> RECORDS SUPPLIED:
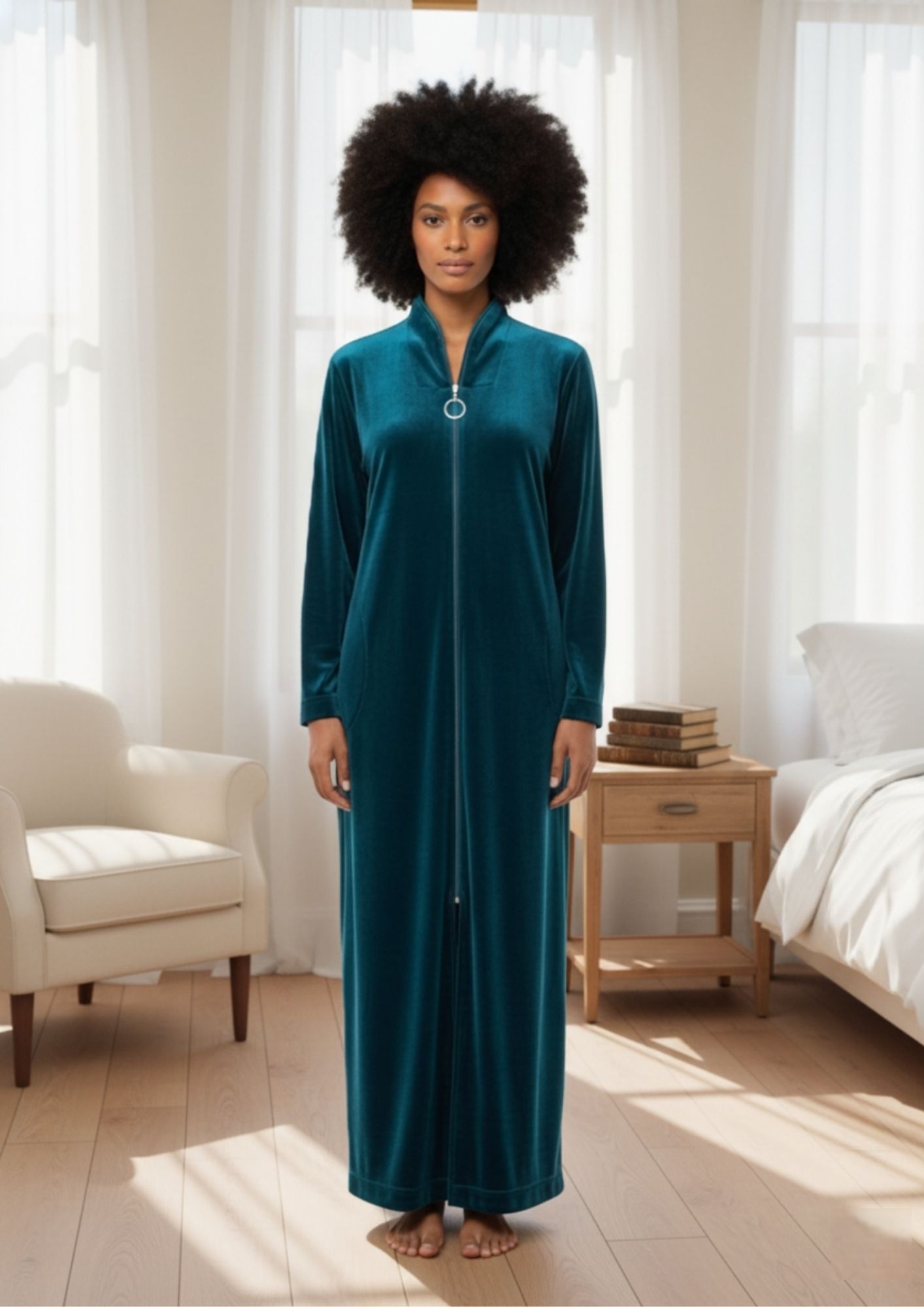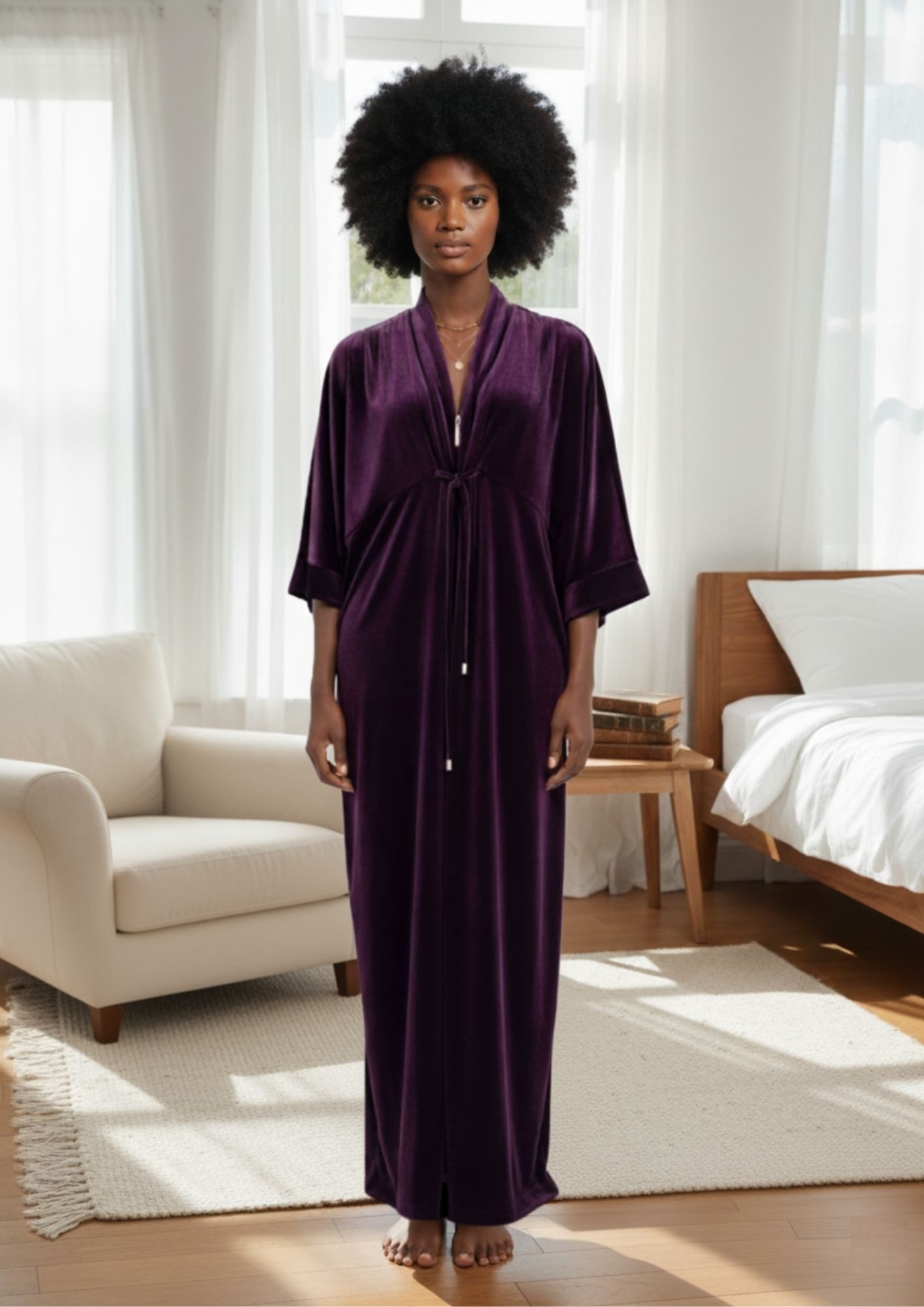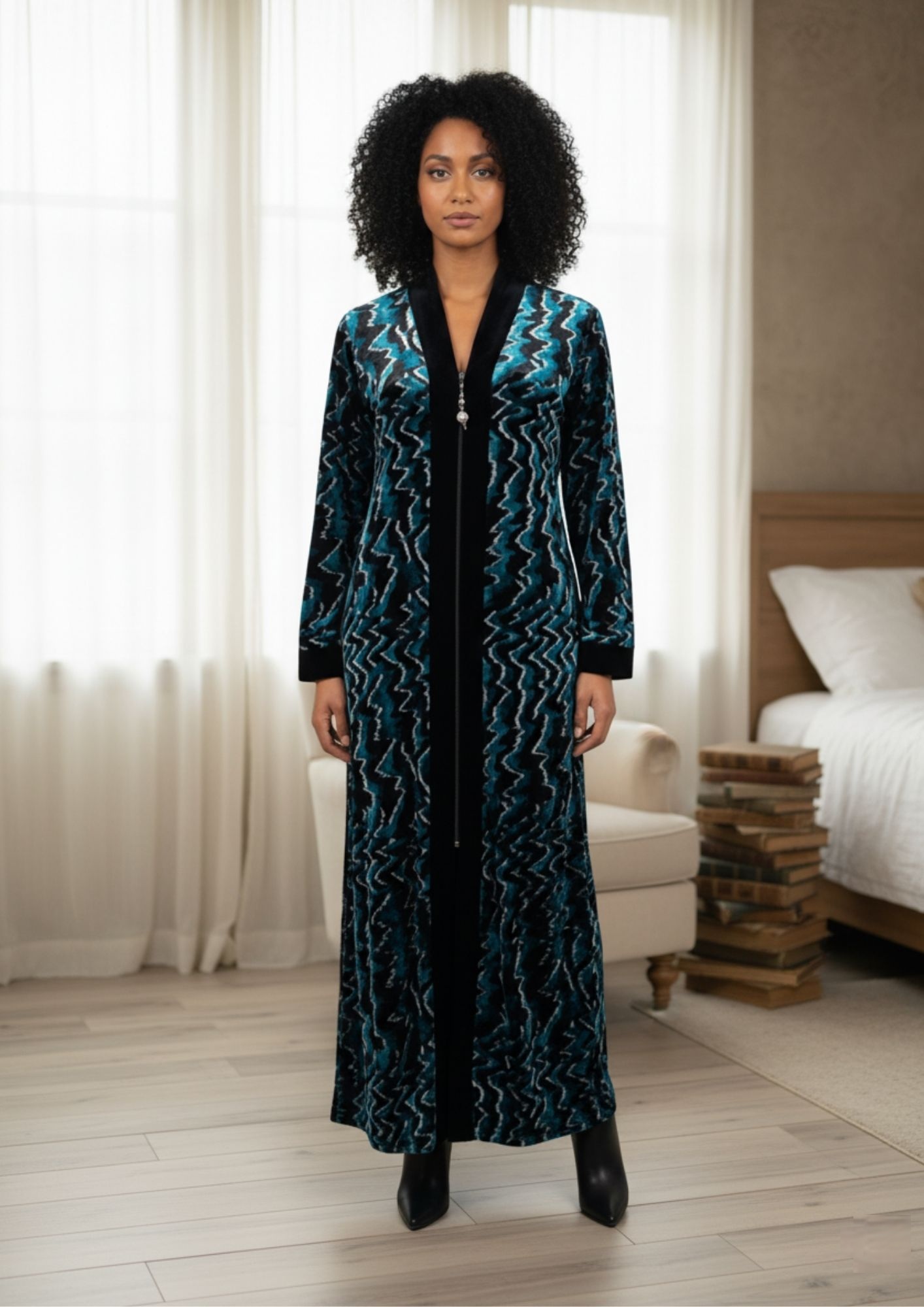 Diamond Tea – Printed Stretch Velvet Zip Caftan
...
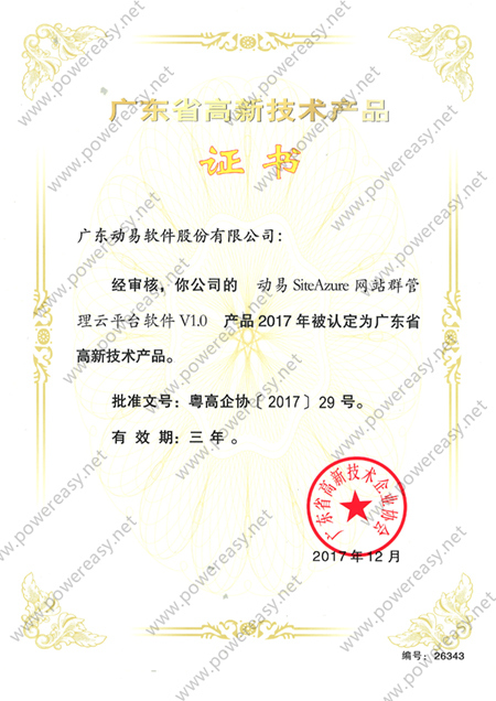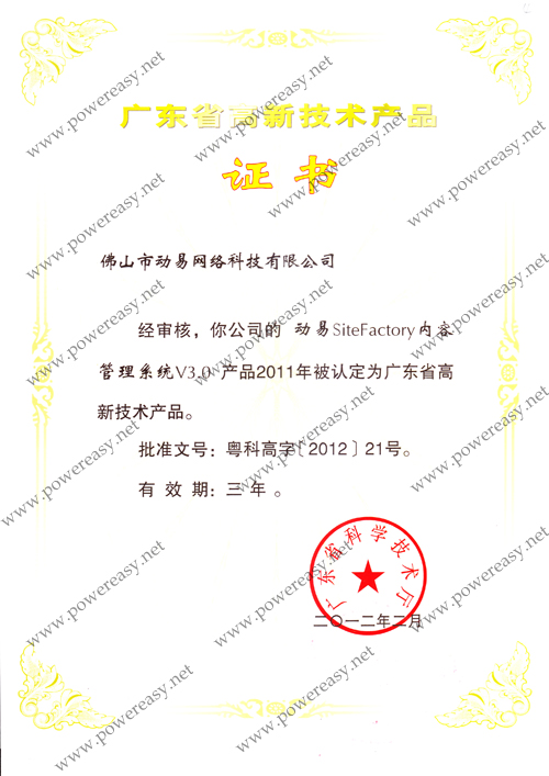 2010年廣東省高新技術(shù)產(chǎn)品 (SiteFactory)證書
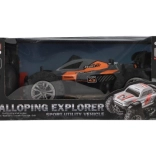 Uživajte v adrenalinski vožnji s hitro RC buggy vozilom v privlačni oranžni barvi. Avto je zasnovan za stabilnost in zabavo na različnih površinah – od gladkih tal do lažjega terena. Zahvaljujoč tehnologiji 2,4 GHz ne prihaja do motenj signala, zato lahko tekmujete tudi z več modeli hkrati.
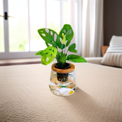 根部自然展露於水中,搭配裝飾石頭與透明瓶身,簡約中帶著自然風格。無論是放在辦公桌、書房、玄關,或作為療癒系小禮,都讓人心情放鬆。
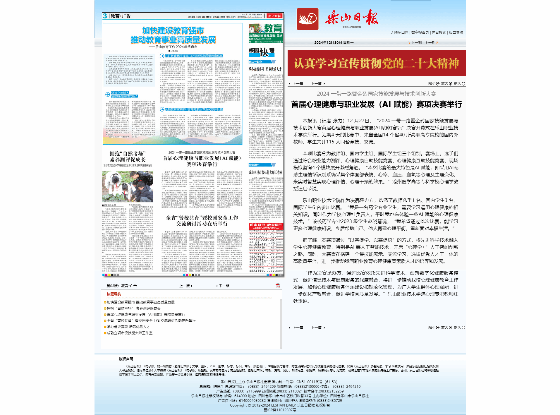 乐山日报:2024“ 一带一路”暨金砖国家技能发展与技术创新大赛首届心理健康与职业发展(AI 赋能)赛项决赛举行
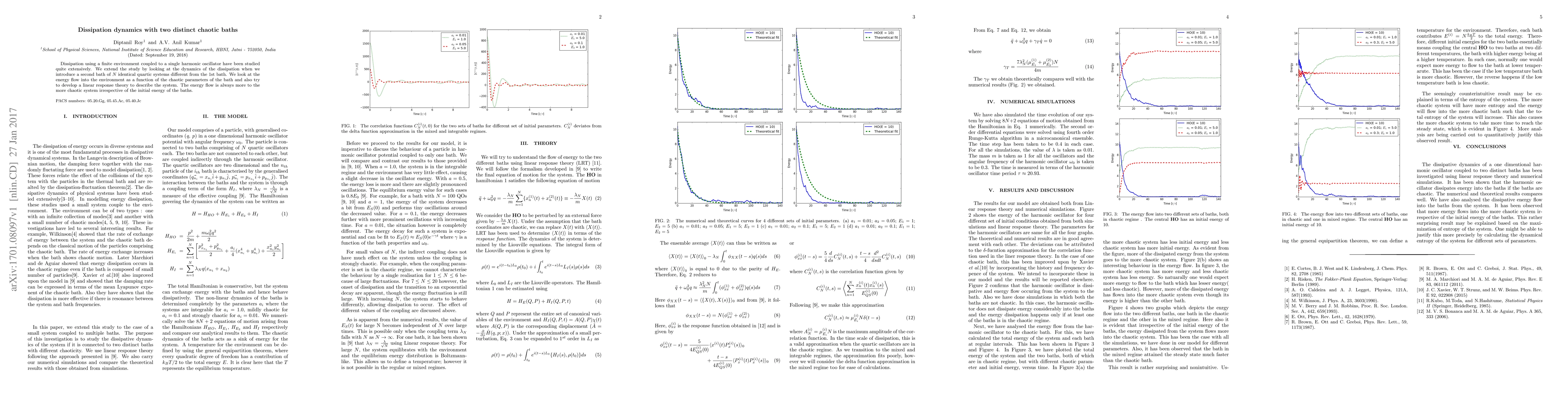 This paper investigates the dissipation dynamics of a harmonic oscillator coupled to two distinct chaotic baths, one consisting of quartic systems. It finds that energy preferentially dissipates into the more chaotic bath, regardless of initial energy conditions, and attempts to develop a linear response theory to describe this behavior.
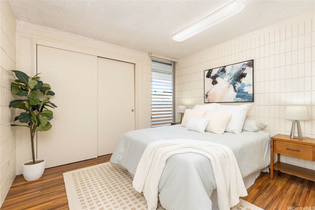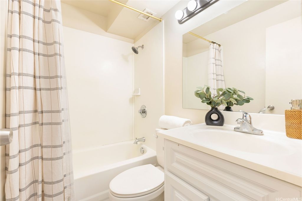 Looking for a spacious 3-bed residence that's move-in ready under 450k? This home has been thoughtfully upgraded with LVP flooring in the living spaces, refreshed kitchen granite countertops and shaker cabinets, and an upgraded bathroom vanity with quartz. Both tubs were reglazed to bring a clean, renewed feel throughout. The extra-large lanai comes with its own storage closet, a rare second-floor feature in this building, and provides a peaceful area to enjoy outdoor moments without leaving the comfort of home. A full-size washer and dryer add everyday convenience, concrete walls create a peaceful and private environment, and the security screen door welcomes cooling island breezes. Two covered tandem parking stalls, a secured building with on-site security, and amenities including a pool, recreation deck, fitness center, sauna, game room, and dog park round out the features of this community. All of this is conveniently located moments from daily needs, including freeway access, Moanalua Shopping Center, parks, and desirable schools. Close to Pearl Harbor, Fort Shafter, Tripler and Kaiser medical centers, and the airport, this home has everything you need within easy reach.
---
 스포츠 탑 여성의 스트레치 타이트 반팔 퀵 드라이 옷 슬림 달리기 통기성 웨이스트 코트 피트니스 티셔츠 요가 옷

> WHAT NEEDS TO BE DONE: Only the lines above starting with the line with "2010年廣東省高新技術(s" and going on through the line with "This paper investigates" belong in the answer; repeat them exactly, minus any picture.

> THE COMPLETED TASK:
 2010年廣東省高新技術(shù)產(chǎn)品 (SiteFactory)證書
 Uživajte v adrenalinski vožnji s hitro RC buggy vozilom v privlačni oranžni barvi. Avto je zasnovan za stabilnost in zabavo na različnih površinah – od gladkih tal do lažjega terena. Zahvaljujoč tehnologiji 2,4 GHz ne prihaja do motenj signala, zato lahko tekmujete tudi z več modeli hkrati.
 根部自然展露於水中,搭配裝飾石頭與透明瓶身,簡約中帶著自然風格。無論是放在辦公桌、書房、玄關,或作為療癒系小禮,都讓人心情放鬆。
 乐山日报:2024“ 一带一路”暨金砖国家技能发展与技术创新大赛首届心理健康与职业发展(AI 赋能)赛项决赛举行
 This paper investigates the dissipation dynamics of a harmonic oscillator coupled to two distinct chaotic baths, one consisting of quartic systems. It finds that energy preferentially dissipates into the more chaotic bath, regardless of initial energy conditions, and attempts to develop a linear response theory to describe this behavior.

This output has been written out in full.